If you are looking for a well-referenced, very readable and intriguing but satisfying book which explores why difference in human brains is of value in our development as human beings, then you should read ‘The Pattern Seekers’, by Simon Baron Cohen. It was recommended to me by a very good friend a couple of months ago, but it took me until last weekend to read it … in fact, it only took a few hours, although it would have taken me a lot longer, had I followed up all the notes – many hours of reading and pursuing the topic remain, should I so wish!
The main premise of the book is that human beings have evolved, uniquely amongst other living species, to have systematising as well as empathising functions, and that we possess these in different degrees, probably passed on through our genes, to the extent that there exist now both hyper-empathisers and hyper-systematisers. These latter people – the pattern-seekers – who have a higher number of autistic traits than other human beings, and who are often underappreciated by society, are, the author argues, inordinately responsible for human inventions and technical progress. ‘If we want to nurture the inventors of the future … we are more likely to find them among autistic people, and among those who have a high number of autistic traits because they are hyper-systemizers, than among the general population’ (p.136).

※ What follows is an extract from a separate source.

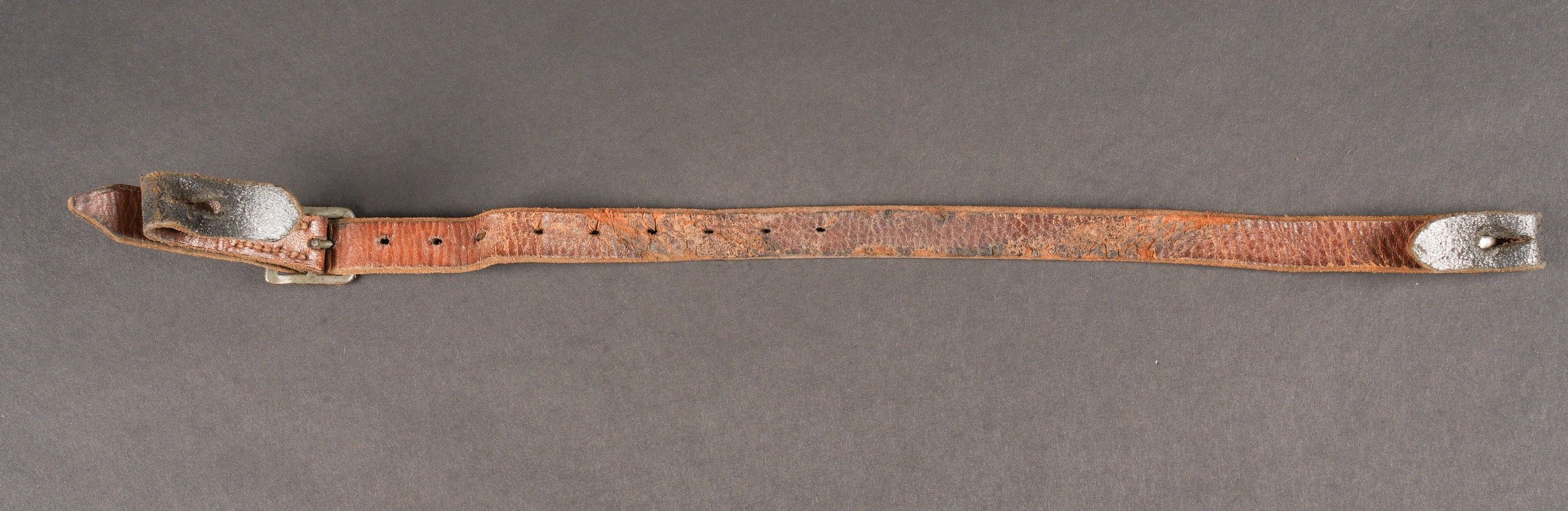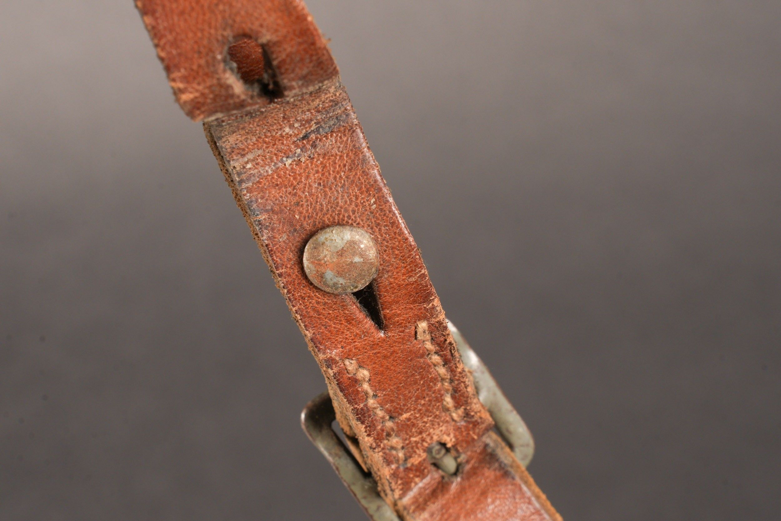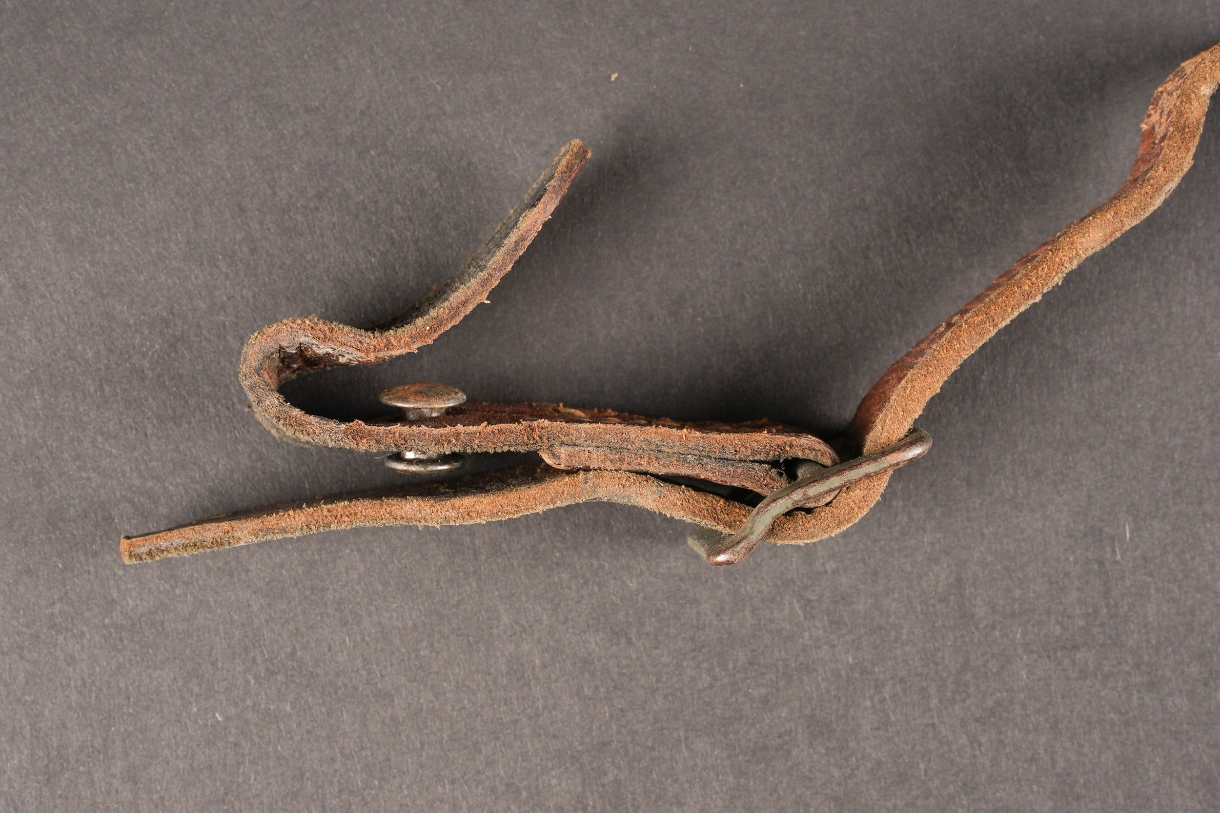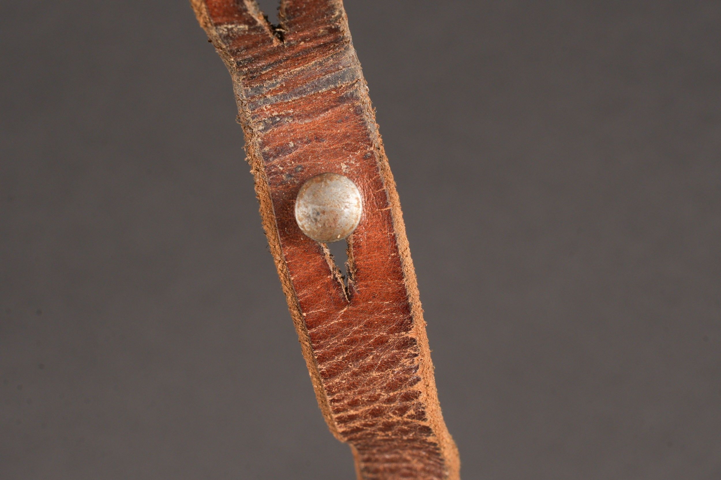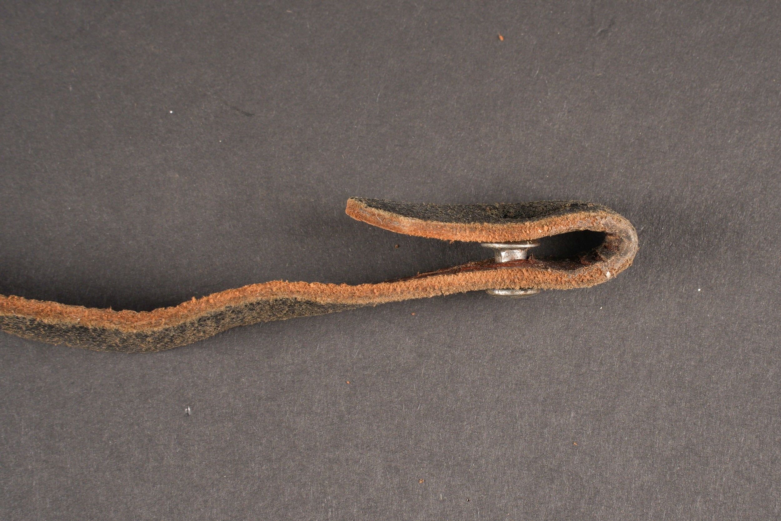 Jugulaire de casque allemand. En cuir noir, complète avec ses deux tétons métallique. Les marquages sont illisibles. A noter une certaine usure et patine de la pièce. Etat II+. German helmet chinstrap. Black leather, complete with its two metal studs. Markings illegible. Shows some wear and patina. Condition II+.

‘Neurodiversity is simply a fact, just like biodiversity is a fact’, he writes on page 137, and uses the rest of the book to set out structures that would better support and enable autistic people in their life and work. ‘The Pattern Seekers’ does not answer every question one might have about the autistic, pattern-seeking brain; in fact, as many good theses do, it poses instead many more questions about how we translate this into steps forward. What I liked particularly, however was what it dares to promise, as it gives a glimpse into a future where we all genuinely appreciate and value difference.
As he says in his final words, however, this is up to us.